------ Supplied records

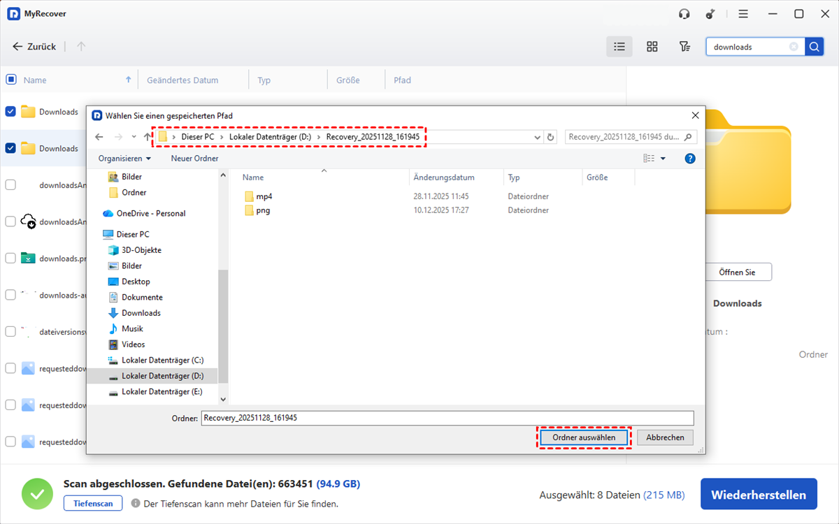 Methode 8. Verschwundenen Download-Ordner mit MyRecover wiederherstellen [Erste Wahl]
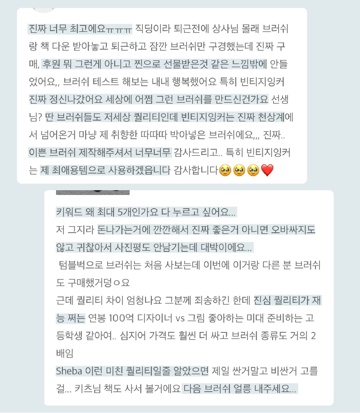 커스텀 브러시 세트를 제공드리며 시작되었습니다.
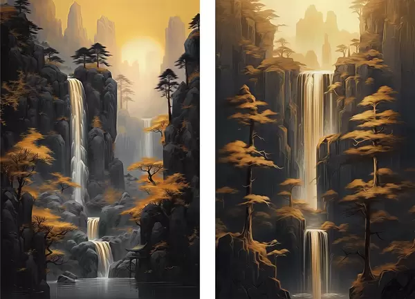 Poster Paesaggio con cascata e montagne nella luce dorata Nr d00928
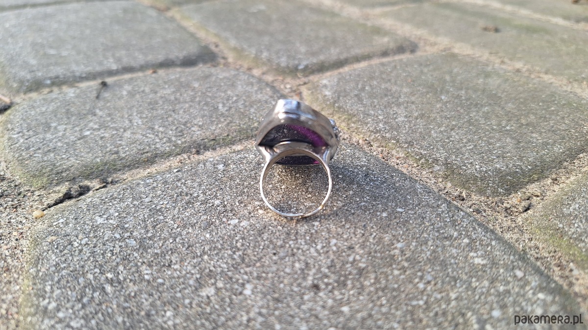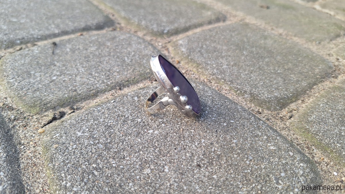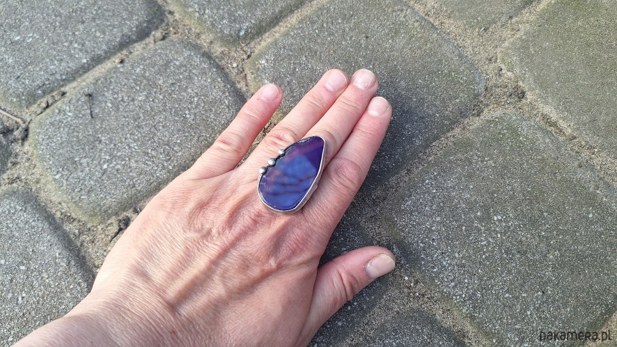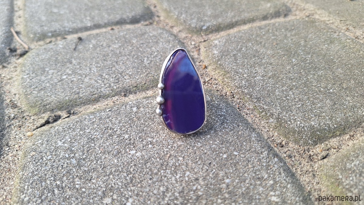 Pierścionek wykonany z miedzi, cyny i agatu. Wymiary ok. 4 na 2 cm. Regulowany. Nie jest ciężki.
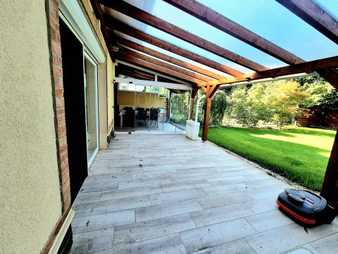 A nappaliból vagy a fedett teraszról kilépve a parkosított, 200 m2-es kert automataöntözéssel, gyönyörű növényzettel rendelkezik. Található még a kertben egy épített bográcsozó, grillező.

------------

> [Task instructions] Leave the pictures out, then output exactly the lines from the "Pierścionek wykonany z" line through the end of the records above, and no others.

> [Task answer]
 Pierścionek wykonany z miedzi, cyny i agatu. Wymiary ok. 4 na 2 cm. Regulowany. Nie jest ciężki.
 A nappaliból vagy a fedett teraszról kilépve a parkosított, 200 m2-es kert automataöntözéssel, gyönyörű növényzettel rendelkezik. Található még a kertben egy épített bográcsozó, grillező.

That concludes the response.